*** Supplied data Section Begins ***
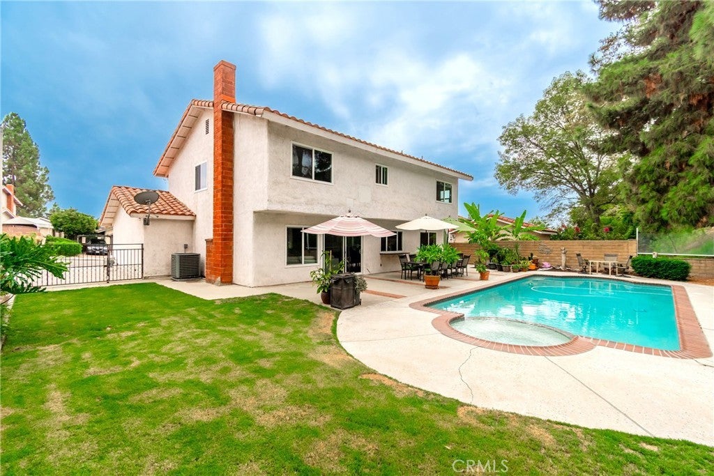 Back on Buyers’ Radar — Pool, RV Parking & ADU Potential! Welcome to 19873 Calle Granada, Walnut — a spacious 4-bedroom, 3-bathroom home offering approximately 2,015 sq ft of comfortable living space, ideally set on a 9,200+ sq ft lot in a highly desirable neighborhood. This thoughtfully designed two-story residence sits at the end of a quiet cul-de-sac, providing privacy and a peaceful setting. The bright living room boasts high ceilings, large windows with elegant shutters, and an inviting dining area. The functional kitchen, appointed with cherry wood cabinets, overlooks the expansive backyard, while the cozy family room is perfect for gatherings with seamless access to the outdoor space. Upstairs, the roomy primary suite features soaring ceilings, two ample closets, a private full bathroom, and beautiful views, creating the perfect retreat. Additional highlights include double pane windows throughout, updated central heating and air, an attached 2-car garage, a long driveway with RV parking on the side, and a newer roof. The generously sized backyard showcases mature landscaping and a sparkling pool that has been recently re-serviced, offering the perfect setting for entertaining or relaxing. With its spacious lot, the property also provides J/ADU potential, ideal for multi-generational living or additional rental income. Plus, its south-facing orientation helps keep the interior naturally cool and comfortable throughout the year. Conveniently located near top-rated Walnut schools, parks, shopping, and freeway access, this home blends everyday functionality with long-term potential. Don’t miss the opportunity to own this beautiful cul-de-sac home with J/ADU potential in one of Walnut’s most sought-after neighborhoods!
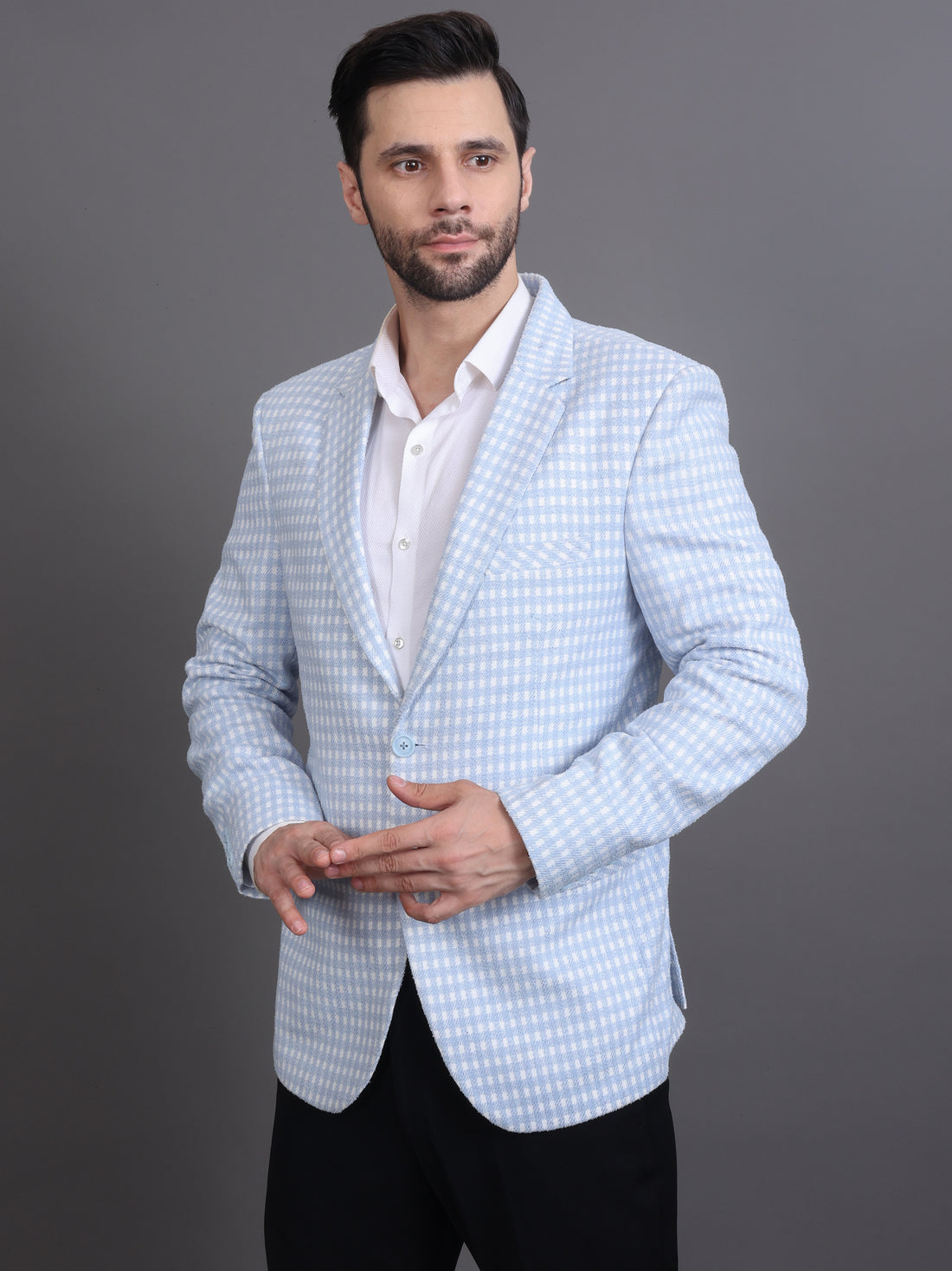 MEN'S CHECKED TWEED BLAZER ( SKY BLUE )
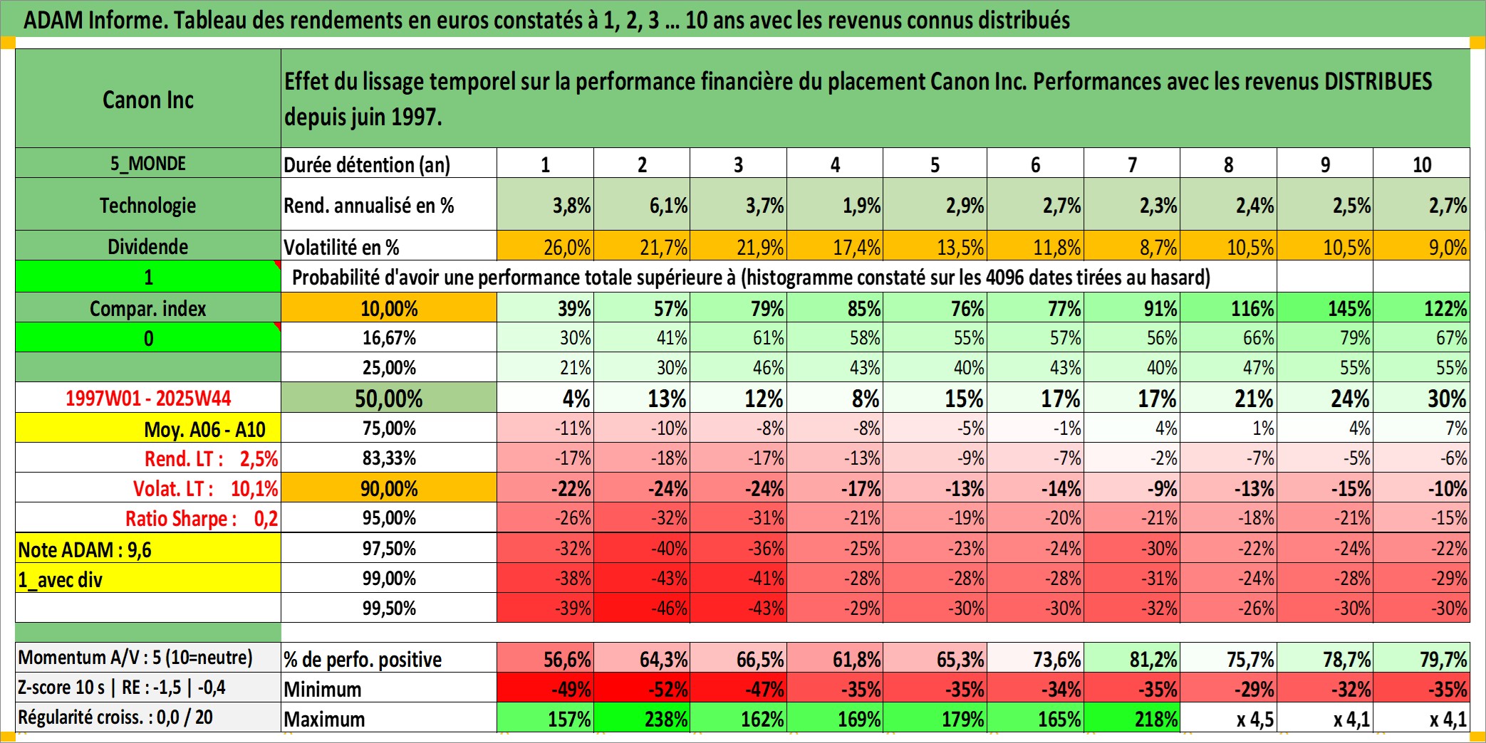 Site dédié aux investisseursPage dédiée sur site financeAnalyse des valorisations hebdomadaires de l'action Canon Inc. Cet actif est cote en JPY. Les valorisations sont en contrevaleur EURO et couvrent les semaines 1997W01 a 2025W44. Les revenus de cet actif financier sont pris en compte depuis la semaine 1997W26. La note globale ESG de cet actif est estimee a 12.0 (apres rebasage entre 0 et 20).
*** Supplied data Section Ends ***
*** Supplied data Section Begins ***
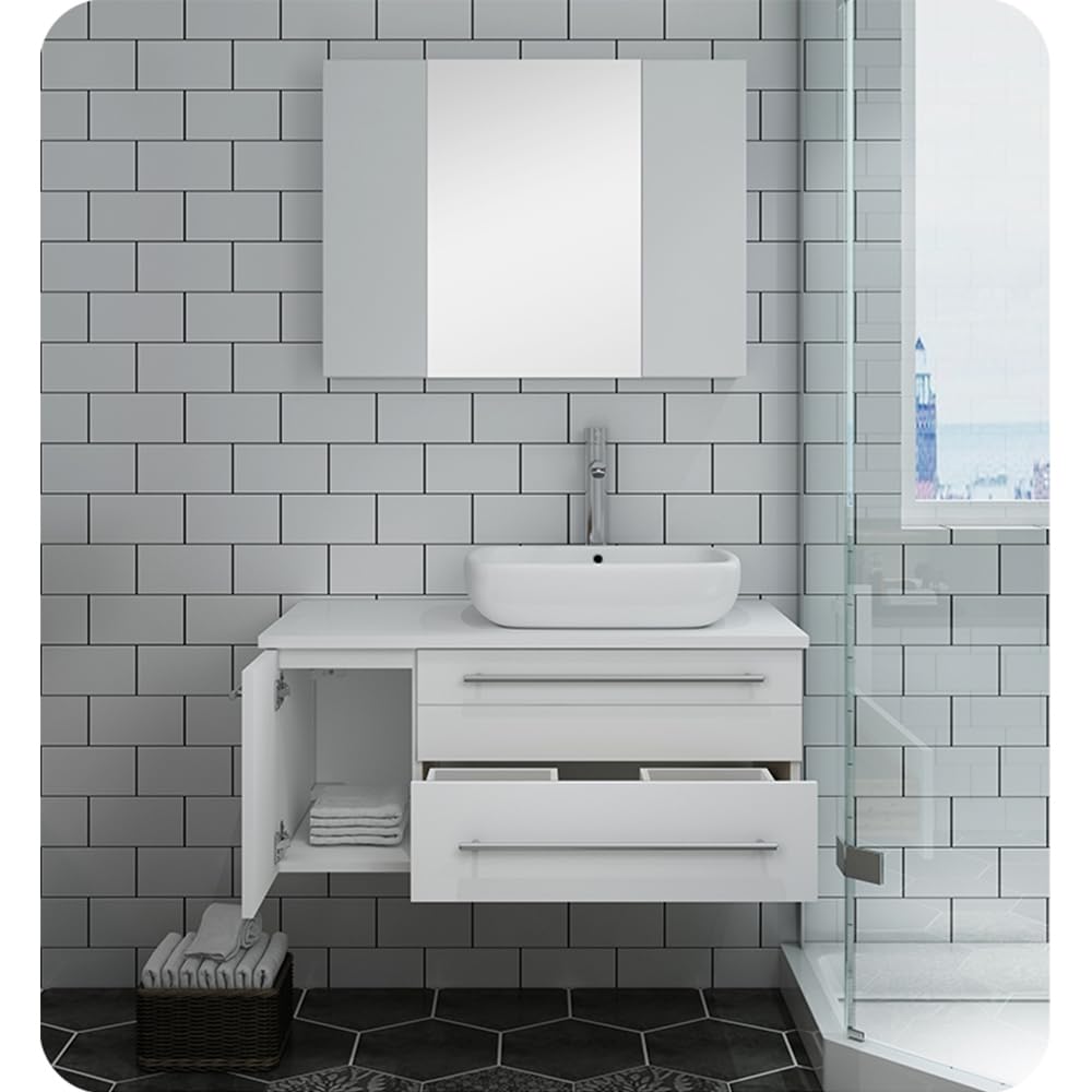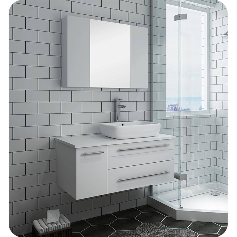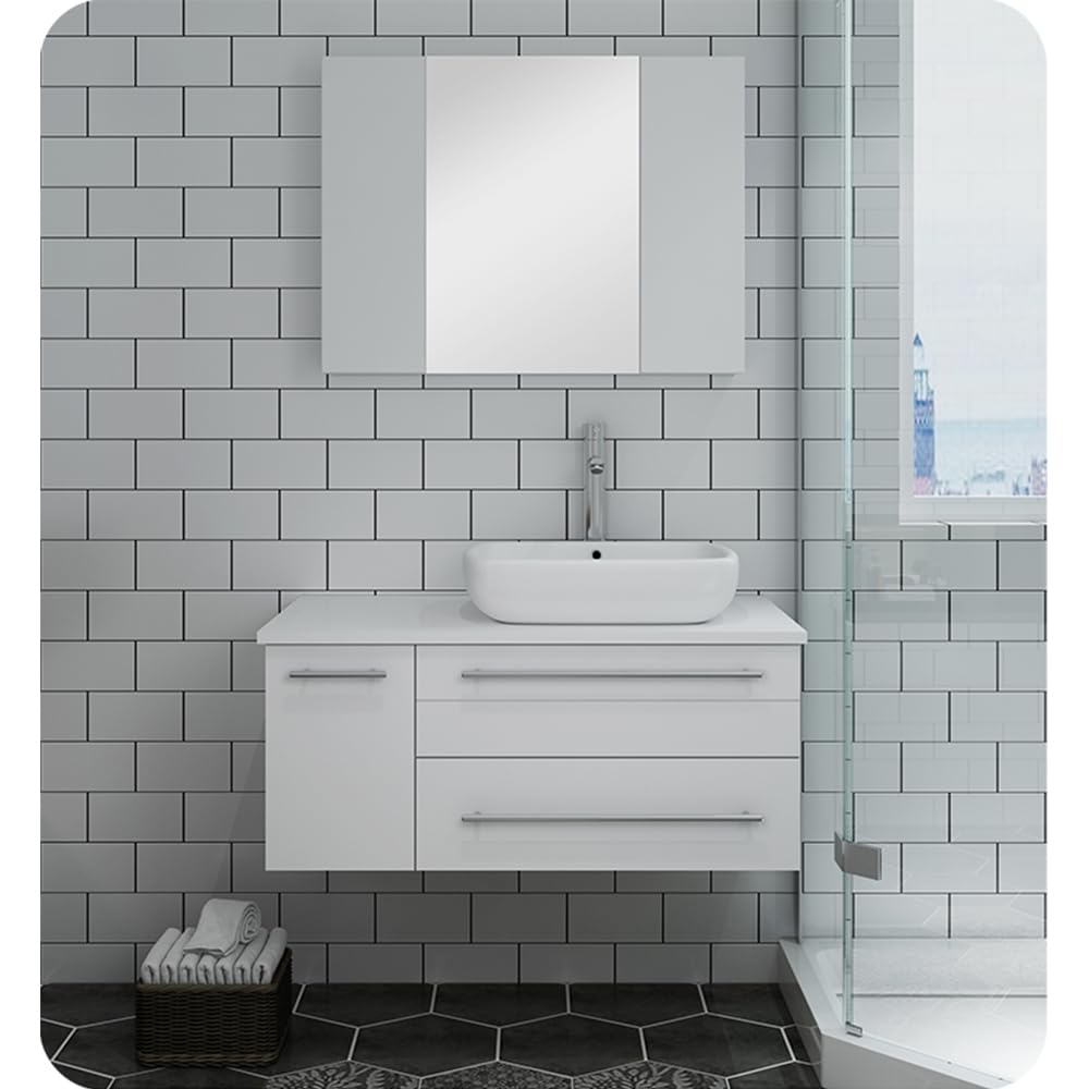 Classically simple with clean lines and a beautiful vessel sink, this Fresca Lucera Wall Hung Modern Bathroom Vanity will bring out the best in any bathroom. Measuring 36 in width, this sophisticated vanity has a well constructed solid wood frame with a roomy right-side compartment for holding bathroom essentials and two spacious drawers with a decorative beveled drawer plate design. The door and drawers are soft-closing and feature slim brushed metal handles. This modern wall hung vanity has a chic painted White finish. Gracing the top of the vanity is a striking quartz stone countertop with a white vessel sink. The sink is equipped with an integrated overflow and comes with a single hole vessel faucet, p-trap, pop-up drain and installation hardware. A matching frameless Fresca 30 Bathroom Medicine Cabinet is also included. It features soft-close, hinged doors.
*** Supplied data Section Ends ***
● **Directions for this task**: Range to copy from the listing above: the line containing "MEN'S CHECKED TWEED BLAZER ( SKY BLUE )" down to the line containing "Site dédié aux", both included. Reproduce it exactly, minus the pictures, and add nothing.

● **Result of this exercise**:
 MEN'S CHECKED TWEED BLAZER ( SKY BLUE )
 Site dédié aux investisseursPage dédiée sur site financeAnalyse des valorisations hebdomadaires de l'action Canon Inc. Cet actif est cote en JPY. Les valorisations sont en contrevaleur EURO et couvrent les semaines 1997W01 a 2025W44. Les revenus de cet actif financier sont pris en compte depuis la semaine 1997W26. La note globale ESG de cet actif est estimee a 12.0 (apres rebasage entre 0 et 20).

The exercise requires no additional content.